Task to carry out >> What is needed is an exact copy of the lines from the one containing "A: The Zosi" through the last line of the records, with no pictures.

Excerpts from a dataset
::::::::

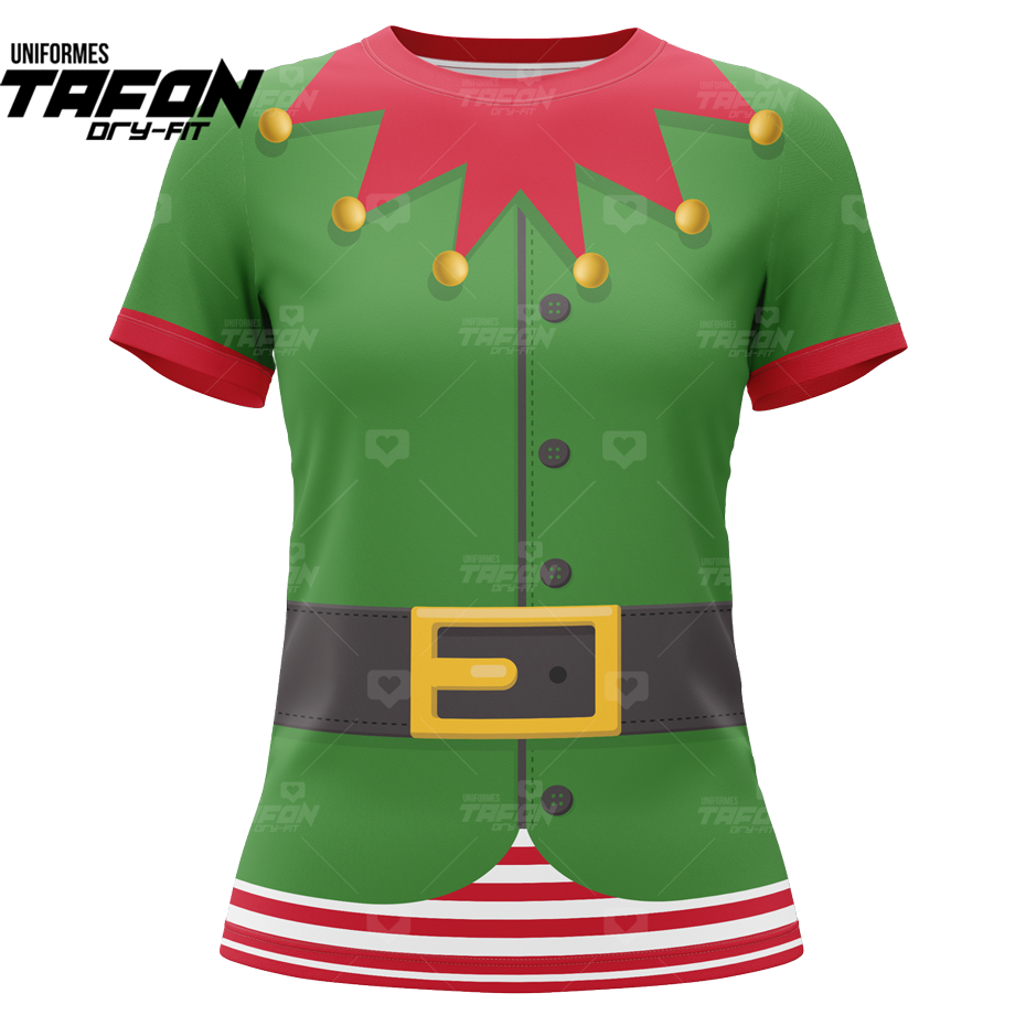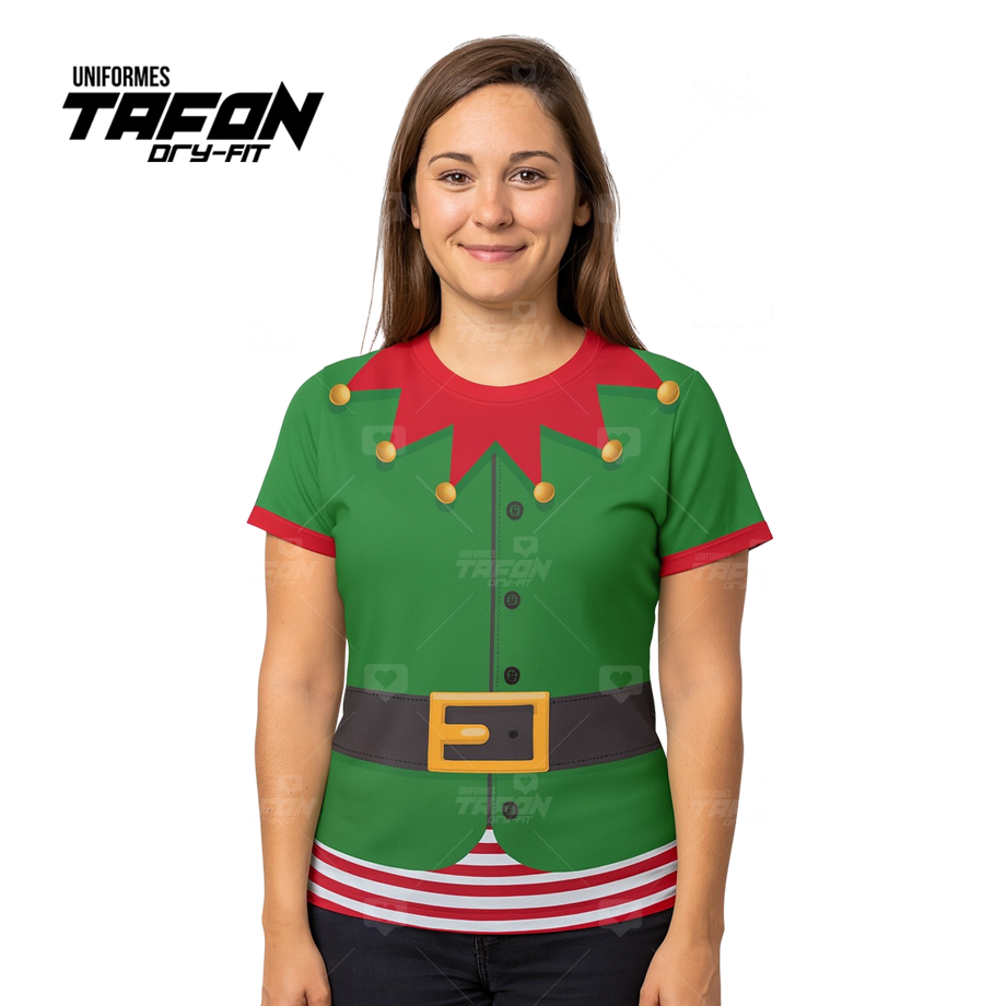 Camiseta sublimada inspirada en el clásico traje de duende navideño 🧝♂️. El diseño combina tonos verdes y rojos con detalles impresos como botones dorados, cinturón y cuello en forma de puntas festivas, simulando el atuendo tradicional de los ayudantes de Santa. Fresca, cómoda y llena de alegría, perfecta para celebrar la Navidad con estilo y diversión.
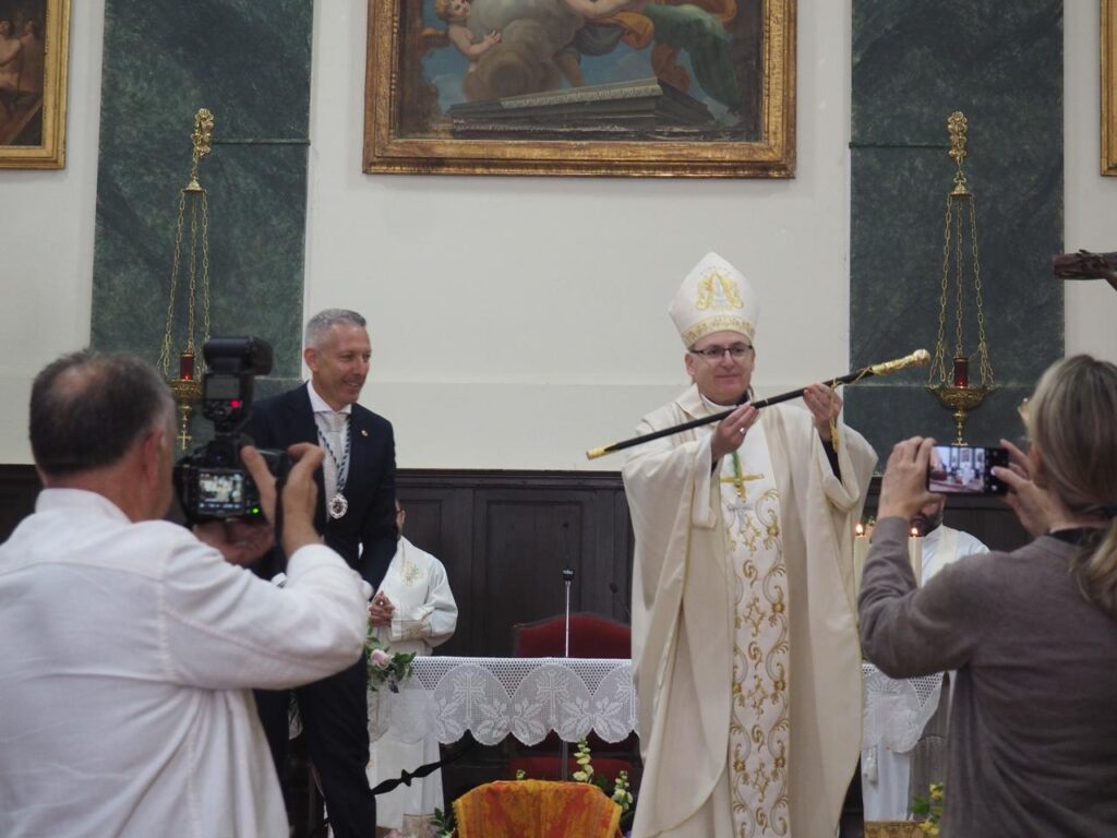 Tras la lectura del acta, el párroco dio lectura al decreto de nuestro Obispo, de fecha 24 de noviembre de 2025, con el cual ratificaba el acuerdo plenario del Ayuntamiento. Tras la lectura, todos los asistentes rompieron en un aplauso mientras el alcalde entregaba el bastón al Obispo y, una vez devuelto nuevamente al alcalde, lo imponía a la Virgen. Justo al terminar este momento, las campanas sonaban como todos los días a las 12:00.
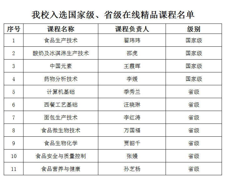 近日,在各省级教育行政部门和全国行业职业教育教学指导委员会、教育部职业院校教学(教育)指导委员会推荐的基础上,经专家评审,乐竞《酸奶及冰淇淋生产技术》《中国元素》《食品生产技术》《药物分析技术》4门课程被认定为2022年职业教育国家在线精品课程。本次江苏省共推荐110门在线课程参加新立项遴选,其中乐竞新推荐的2门课程成功获选,另2门课程顺利通过复核。
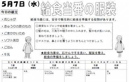 牛肉・にんじん・玉ねぎ・じゃがいも・さんどまめを煮た「肉じゃが」、「きゅうりの酢のもの」、たけのこを使った「ごまかかいため」、「ソフト黒豆」などをおいしくいただきました。
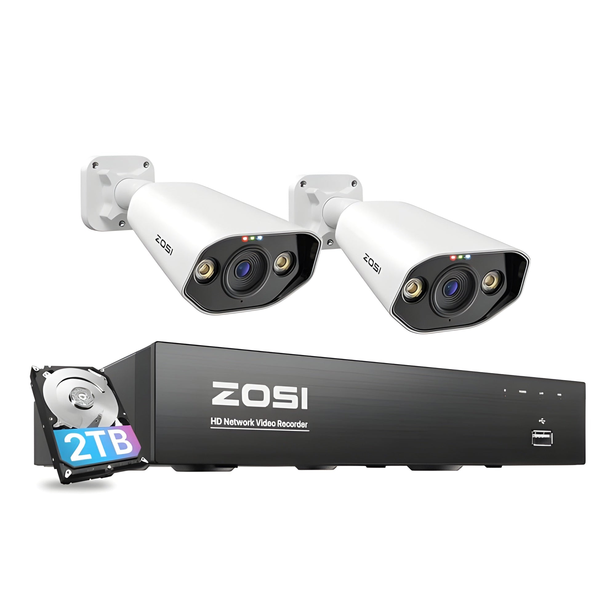 A: The Zosi C182 is a compact and reliable security system featuring 2 high-definition 4K PoE cameras and an 8-channel NVR with a 2TB hard drive for efficient video recording and storage.
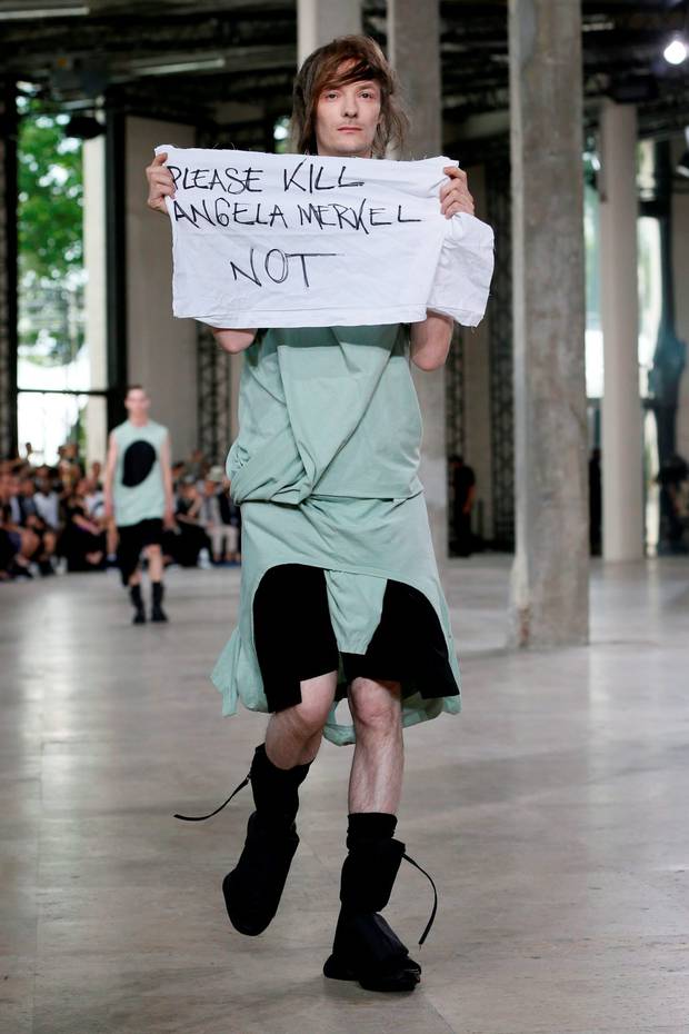 Rick Owens knows a thing or too about controversy, but it’s usually the reaction to his avant-garde designs. This model lapped up all the limelight with his political sign, a gesture which earned him a swift punch in the face when he was done from Mr. Owens, who knew nothing about the stunt. I hardly noticed it though, too busy concentrating on those mind-boggling boots.
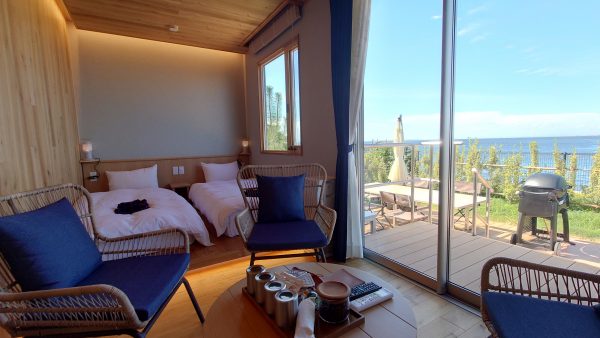 グランピング施設も、3室から15室に拡張した。グランピング施設の導入は同社初の試みで、観音崎の自然を最大限に感じてもらうのに最適であるとして導入を決定。各棟室内の窓やテラスから東京湾を一望でき、各棟に付随するテラスでは潮風を浴びながらバーベキューが楽しめる。
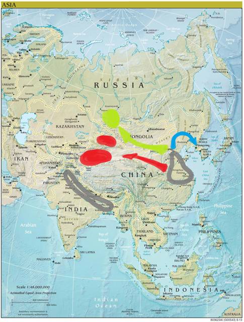Практически одновременно с формированием границ китайского мутного пятна, из его юго-западной части в районе Уханя на огромной скорости вышло нечто, похожее на атмосферный фронт, только огненный, показал ректор по направлению красной стрелки. Оставляя за собой выборочные разрушения и пожары, этот аномальный атмосферный фронт преобразовался в два циклона, сформировавшиеся над Таримской и Джунгарскими впадинами.
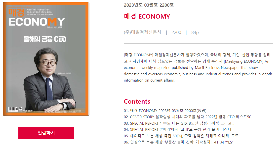 매경이코노미 최신호를 통해 어떤 내용을 다루고 있는지 간략이 소개해보겠습니다.

::::::::

Answer space >>
 A: The Zosi C182 is a compact and reliable security system featuring 2 high-definition 4K PoE cameras and an 8-channel NVR with a 2TB hard drive for efficient video recording and storage.
 Rick Owens knows a thing or too about controversy, but it’s usually the reaction to his avant-garde designs. This model lapped up all the limelight with his political sign, a gesture which earned him a swift punch in the face when he was done from Mr. Owens, who knew nothing about the stunt. I hardly noticed it though, too busy concentrating on those mind-boggling boots.
 グランピング施設も、3室から15室に拡張した。グランピング施設の導入は同社初の試みで、観音崎の自然を最大限に感じてもらうのに最適であるとして導入を決定。各棟室内の窓やテラスから東京湾を一望でき、各棟に付随するテラスでは潮風を浴びながらバーベキューが楽しめる。
Практически одновременно с формированием границ китайского мутного пятна, из его юго-западной части в районе Уханя на огромной скорости вышло нечто, похожее на атмосферный фронт, только огненный, показал ректор по направлению красной стрелки. Оставляя за собой выборочные разрушения и пожары, этот аномальный атмосферный фронт преобразовался в два циклона, сформировавшиеся над Таримской и Джунгарскими впадинами.
 매경이코노미 최신호를 통해 어떤 내용을 다루고 있는지 간략이 소개해보겠습니다.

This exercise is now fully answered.